ACTION ITEM: From the first line to the last, print the material exactly, skipping the pictures.

AVAILABLE DATA:
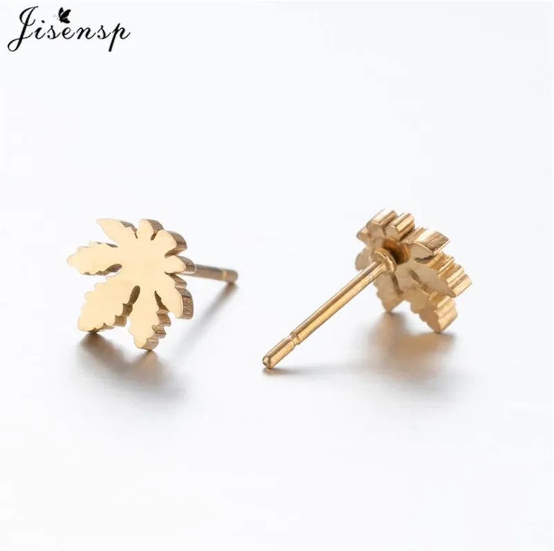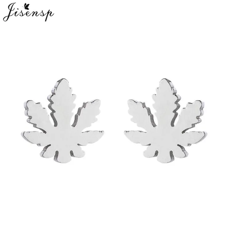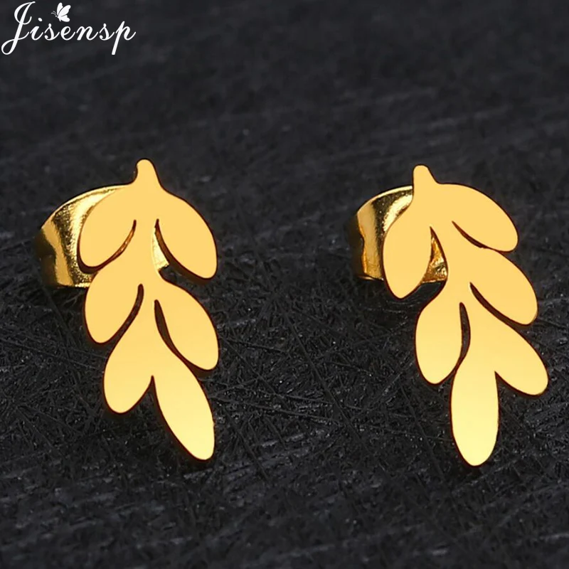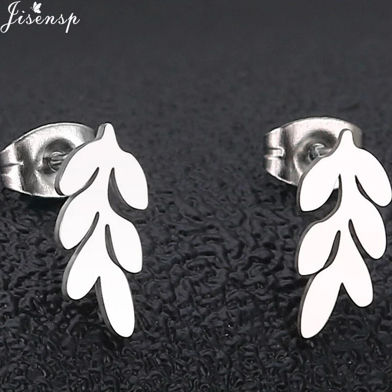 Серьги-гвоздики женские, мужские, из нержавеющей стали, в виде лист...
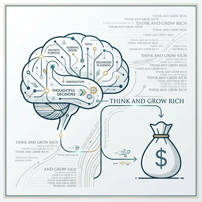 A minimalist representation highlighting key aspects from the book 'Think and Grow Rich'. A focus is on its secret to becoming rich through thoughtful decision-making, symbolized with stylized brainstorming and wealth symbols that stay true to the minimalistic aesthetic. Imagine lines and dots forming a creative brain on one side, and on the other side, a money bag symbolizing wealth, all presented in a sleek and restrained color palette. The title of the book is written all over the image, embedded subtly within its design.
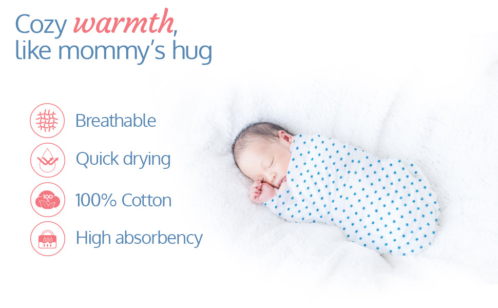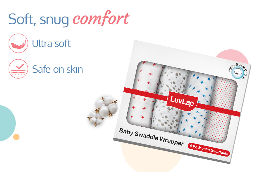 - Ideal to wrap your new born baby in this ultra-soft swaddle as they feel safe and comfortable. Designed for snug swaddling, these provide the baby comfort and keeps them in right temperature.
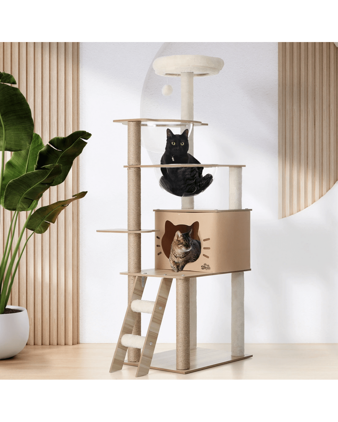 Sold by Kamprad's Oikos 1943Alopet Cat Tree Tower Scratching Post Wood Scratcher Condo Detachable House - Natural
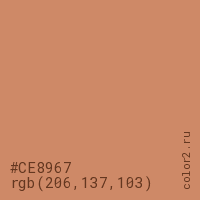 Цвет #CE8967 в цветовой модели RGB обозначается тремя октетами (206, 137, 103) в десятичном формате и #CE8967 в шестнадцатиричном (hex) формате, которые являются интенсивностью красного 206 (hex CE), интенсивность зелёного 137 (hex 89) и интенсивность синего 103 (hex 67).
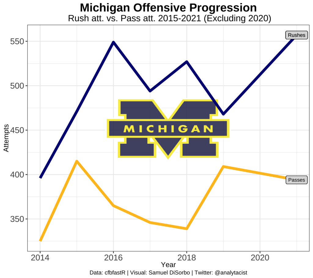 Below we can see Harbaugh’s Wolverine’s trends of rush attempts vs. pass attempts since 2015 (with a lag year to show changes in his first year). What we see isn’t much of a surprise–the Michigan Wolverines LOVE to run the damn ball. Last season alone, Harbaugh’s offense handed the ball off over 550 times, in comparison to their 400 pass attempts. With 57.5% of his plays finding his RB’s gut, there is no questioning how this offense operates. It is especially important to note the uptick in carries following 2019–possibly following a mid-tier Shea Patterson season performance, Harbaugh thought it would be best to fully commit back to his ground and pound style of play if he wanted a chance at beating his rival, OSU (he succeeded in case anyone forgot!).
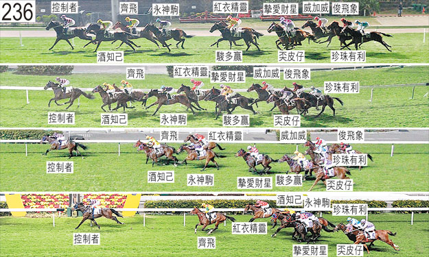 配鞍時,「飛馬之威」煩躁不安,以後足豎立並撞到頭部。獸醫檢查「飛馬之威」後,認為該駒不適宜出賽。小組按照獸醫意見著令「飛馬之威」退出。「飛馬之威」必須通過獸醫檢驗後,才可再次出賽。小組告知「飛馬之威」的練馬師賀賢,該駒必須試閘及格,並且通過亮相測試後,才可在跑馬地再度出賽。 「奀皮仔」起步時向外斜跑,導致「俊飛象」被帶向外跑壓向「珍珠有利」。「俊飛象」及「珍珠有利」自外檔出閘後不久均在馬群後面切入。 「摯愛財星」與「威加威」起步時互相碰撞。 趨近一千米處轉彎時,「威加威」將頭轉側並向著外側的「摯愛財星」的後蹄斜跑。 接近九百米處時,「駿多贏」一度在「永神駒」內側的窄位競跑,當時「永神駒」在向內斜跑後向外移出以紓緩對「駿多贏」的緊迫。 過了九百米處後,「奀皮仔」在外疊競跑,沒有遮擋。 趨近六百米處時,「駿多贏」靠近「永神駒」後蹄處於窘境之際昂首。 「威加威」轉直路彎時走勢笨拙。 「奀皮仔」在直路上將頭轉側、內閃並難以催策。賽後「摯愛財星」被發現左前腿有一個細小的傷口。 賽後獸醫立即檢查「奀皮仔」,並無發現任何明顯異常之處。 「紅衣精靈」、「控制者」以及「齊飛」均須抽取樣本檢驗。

SOLUTION TO THIS PROBLEM:
 Серьги-гвоздики женские, мужские, из нержавеющей стали, в виде лист...
 A minimalist representation highlighting key aspects from the book 'Think and Grow Rich'. A focus is on its secret to becoming rich through thoughtful decision-making, symbolized with stylized brainstorming and wealth symbols that stay true to the minimalistic aesthetic. Imagine lines and dots forming a creative brain on one side, and on the other side, a money bag symbolizing wealth, all presented in a sleek and restrained color palette. The title of the book is written all over the image, embedded subtly within its design.
 - Ideal to wrap your new born baby in this ultra-soft swaddle as they feel safe and comfortable. Designed for snug swaddling, these provide the baby comfort and keeps them in right temperature.
 Sold by Kamprad's Oikos 1943Alopet Cat Tree Tower Scratching Post Wood Scratcher Condo Detachable House - Natural
 Цвет #CE8967 в цветовой модели RGB обозначается тремя октетами (206, 137, 103) в десятичном формате и #CE8967 в шестнадцатиричном (hex) формате, которые являются интенсивностью красного 206 (hex CE), интенсивность зелёного 137 (hex 89) и интенсивность синего 103 (hex 67).
 Below we can see Harbaugh’s Wolverine’s trends of rush attempts vs. pass attempts since 2015 (with a lag year to show changes in his first year). What we see isn’t much of a surprise–the Michigan Wolverines LOVE to run the damn ball. Last season alone, Harbaugh’s offense handed the ball off over 550 times, in comparison to their 400 pass attempts. With 57.5% of his plays finding his RB’s gut, there is no questioning how this offense operates. It is especially important to note the uptick in carries following 2019–possibly following a mid-tier Shea Patterson season performance, Harbaugh thought it would be best to fully commit back to his ground and pound style of play if he wanted a chance at beating his rival, OSU (he succeeded in case anyone forgot!).
 配鞍時,「飛馬之威」煩躁不安,以後足豎立並撞到頭部。獸醫檢查「飛馬之威」後,認為該駒不適宜出賽。小組按照獸醫意見著令「飛馬之威」退出。「飛馬之威」必須通過獸醫檢驗後,才可再次出賽。小組告知「飛馬之威」的練馬師賀賢,該駒必須試閘及格,並且通過亮相測試後,才可在跑馬地再度出賽。 「奀皮仔」起步時向外斜跑,導致「俊飛象」被帶向外跑壓向「珍珠有利」。「俊飛象」及「珍珠有利」自外檔出閘後不久均在馬群後面切入。 「摯愛財星」與「威加威」起步時互相碰撞。 趨近一千米處轉彎時,「威加威」將頭轉側並向著外側的「摯愛財星」的後蹄斜跑。 接近九百米處時,「駿多贏」一度在「永神駒」內側的窄位競跑,當時「永神駒」在向內斜跑後向外移出以紓緩對「駿多贏」的緊迫。 過了九百米處後,「奀皮仔」在外疊競跑,沒有遮擋。 趨近六百米處時,「駿多贏」靠近「永神駒」後蹄處於窘境之際昂首。 「威加威」轉直路彎時走勢笨拙。 「奀皮仔」在直路上將頭轉側、內閃並難以催策。賽後「摯愛財星」被發現左前腿有一個細小的傷口。 賽後獸醫立即檢查「奀皮仔」,並無發現任何明顯異常之處。 「紅衣精靈」、「控制者」以及「齊飛」均須抽取樣本檢驗。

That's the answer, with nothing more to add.